-- Raw data follows --

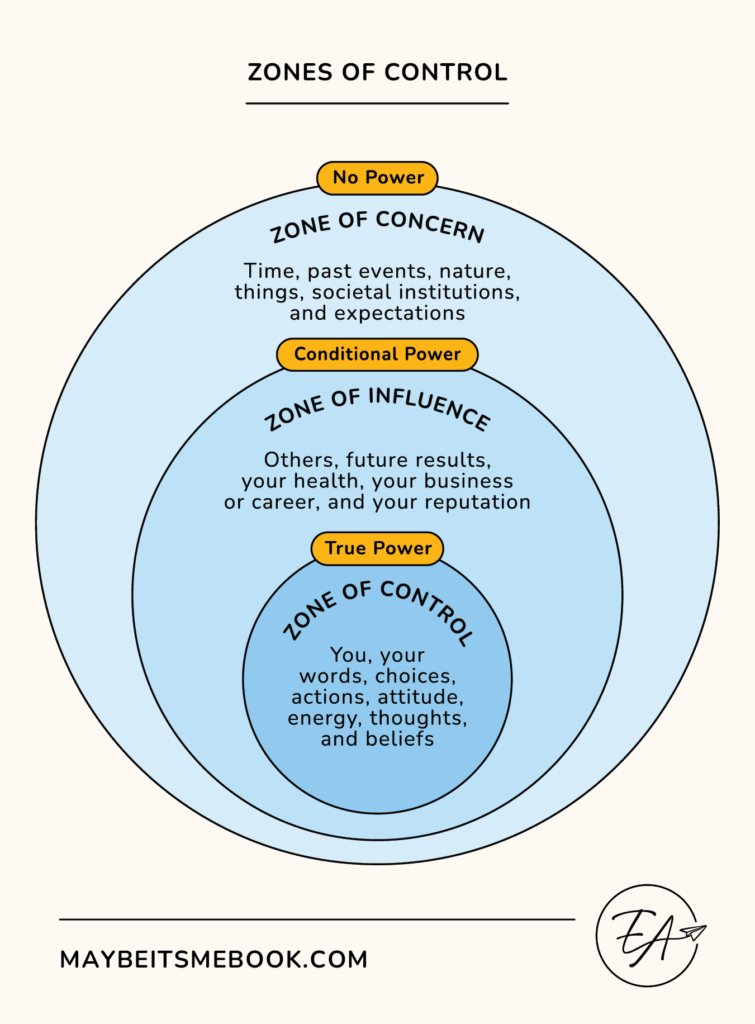This visual clarifies the difference between concern, influence, and control. It helps you redirect energy away from what you can’t change and toward the choices, actions, and attitudes that are fully yours.
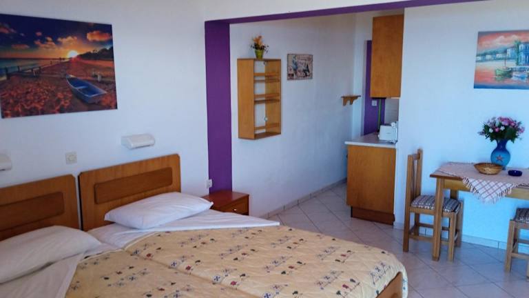 Die Apsedes Studios sind zur Selbstverpflegung ausgelegt, so dass Sie die Freiheit haben, Ihre eigenen Mahlzeiten zuzubereiten. In der gut ausgestatteten Küchenzeile finden Sie alles, was Sie dazu benötigen. Alternativ können Sie auch die Grillmöglichkeiten nutzen und ein gemütliches Barbecue auf der Sonnenterrasse genießen.
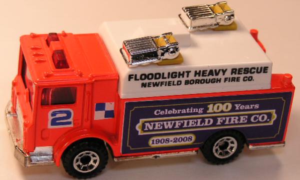 fluorescent orange, white roof, silver and yellow roof fixtures, 100 YEARS NEWFIELD FIRE CO. tampo |
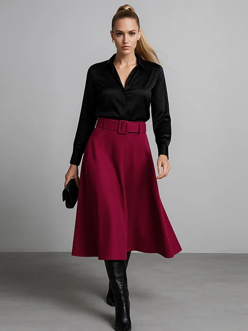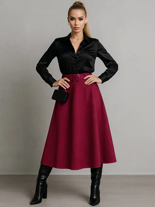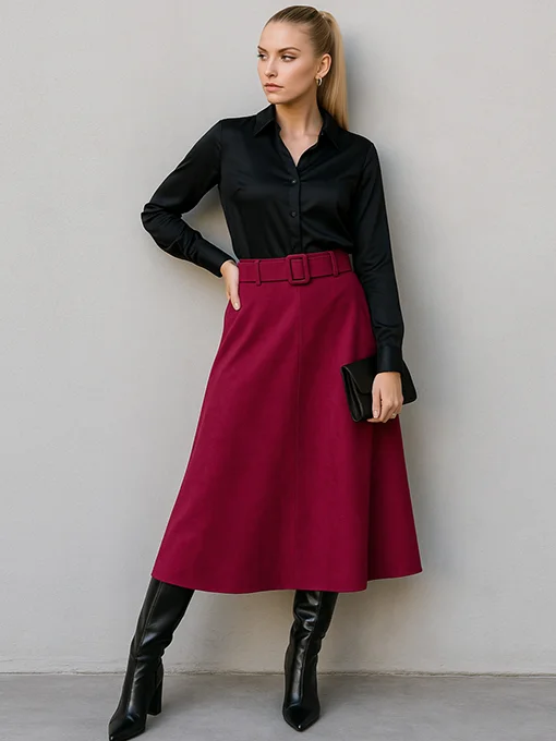 Φούστα closs μίντι με ζώνη σε άλφα γραμμή
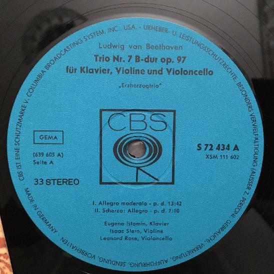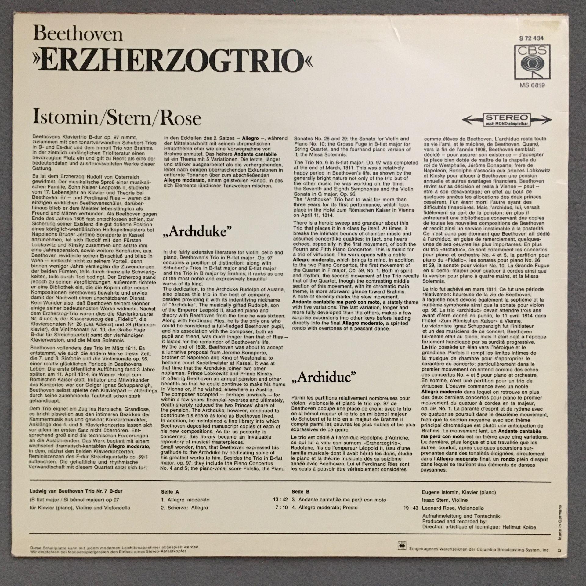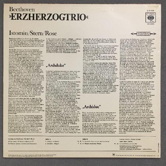 N767 Beethoven Erzherzog Trio Istomin Stern Rose CBS S 72 434 Stereo
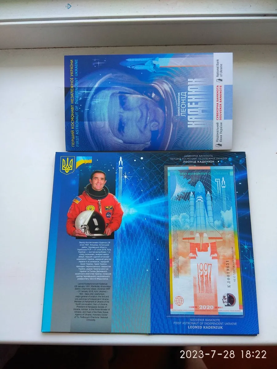 Україна. 2020р. Сувенірна банкнота "Перший космонавт незалежної України ЛЕОНІД КАДЕНЮК". -(у сувенірному пакованні)- (Дивіться опис).

-- Raw data concluded --

Task goal
Exact copies of the entries above are needed, without their pictures.

Completed exercise
This visual clarifies the difference between concern, influence, and control. It helps you redirect energy away from what you can’t change and toward the choices, actions, and attitudes that are fully yours.
 Die Apsedes Studios sind zur Selbstverpflegung ausgelegt, so dass Sie die Freiheit haben, Ihre eigenen Mahlzeiten zuzubereiten. In der gut ausgestatteten Küchenzeile finden Sie alles, was Sie dazu benötigen. Alternativ können Sie auch die Grillmöglichkeiten nutzen und ein gemütliches Barbecue auf der Sonnenterrasse genießen.
 fluorescent orange, white roof, silver and yellow roof fixtures, 100 YEARS NEWFIELD FIRE CO. tampo |
 Φούστα closs μίντι με ζώνη σε άλφα γραμμή
 N767 Beethoven Erzherzog Trio Istomin Stern Rose CBS S 72 434 Stereo
 Україна. 2020р. Сувенірна банкнота "Перший космонавт незалежної України ЛЕОНІД КАДЕНЮК". -(у сувенірному пакованні)- (Дивіться опис).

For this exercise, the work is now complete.